Turbulent flow over isolated forested hills of varying shape and steepness

To advance understanding of the influence hill-slope and hill-shape have on neutrally stratified turbulent air flow over isolated forested hills, we interrogate four turbulence-resolving simulations. A spectrally friendly fringe technique enables the use of periodic boundary conditions to simulate flow over isolated two-dimensional (2D) and three-dimensional (3D) hills of cosine shape. The simulations target recently conducted wind tunnel (WT) experiments that are configured to fall outside the regimes for which current theory applies. Simulation skill for flow over isolated 3D hills is demonstrated through matching the canopy and hill configuration with the recently conducted WT experiments and comparing results. The response of the mean and turbulent flow components to 2D versus 3D hills along the hill-centreline are discussed. The phase and amplitude of spatially varying flow perturbations over forested hills are evaluated for flows outside the regime valid for current theory. Flow over isolated 2D forested hills produces larger amplitude vertical motions on a hill’s windward and leeward faces and the speed-up of the mean wind compared with that over isolated 3D forested hills at the hill-centreline.
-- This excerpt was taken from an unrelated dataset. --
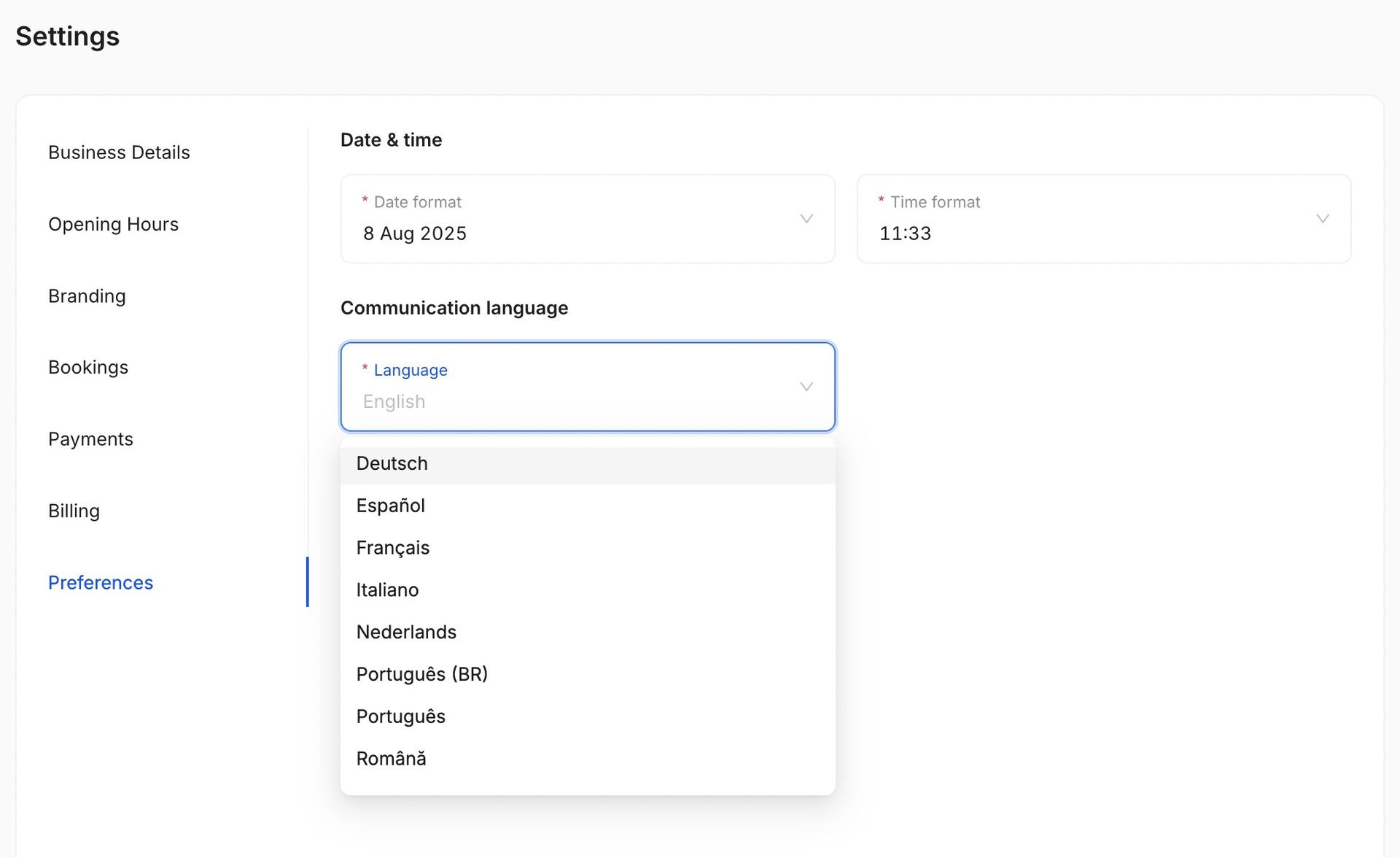Another great thing about using a salon appointment scheduler that also supports non-English speaking countries? Our system automatically detects the client's browser language and displays the booking interface to match. No additional settings or configuration required!
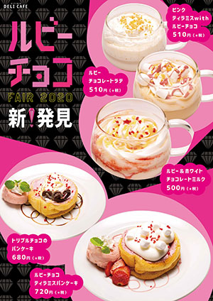DELI CAFE 「ルビーチョコフェア2020」のご案内 2020.02.13 DELI CAFE お知らせ お知らせ DELI CAFEで「ルビーチョコフェア2020」を開催します。(~3/末予定) ピンクティラミスwithルビーチョコ 510円 ルビーチョコレートラテ 510円 ルビー&ホワイトチョコレートミルク 500円 トリプルチョコのパンケーキ 680円 ルビーチョコティラミスパンケーキ 720円 ※税抜価格 ※取扱店舗:デリカフェ大阪mido・大阪・North・エキスプレス大阪・三ノ宮・茨木・京都 デリカフェ(店舗情報)

The 3D hills generate surface pressure minima over hill-crests that are only half the magnitude of those over 2D hills. The spatial region over which hill-induced negative pressure drag acts increases with increasing hill steepness. Assumptions in partitioning the flow into an upper layer with an inviscid response to the hill’s pressure field are robust and lead to solid predictions of hill-induced perturbations to the mean flow; however, applying those assumptions to predict the evolution of the turbulent moments only provides approximate explanations at best.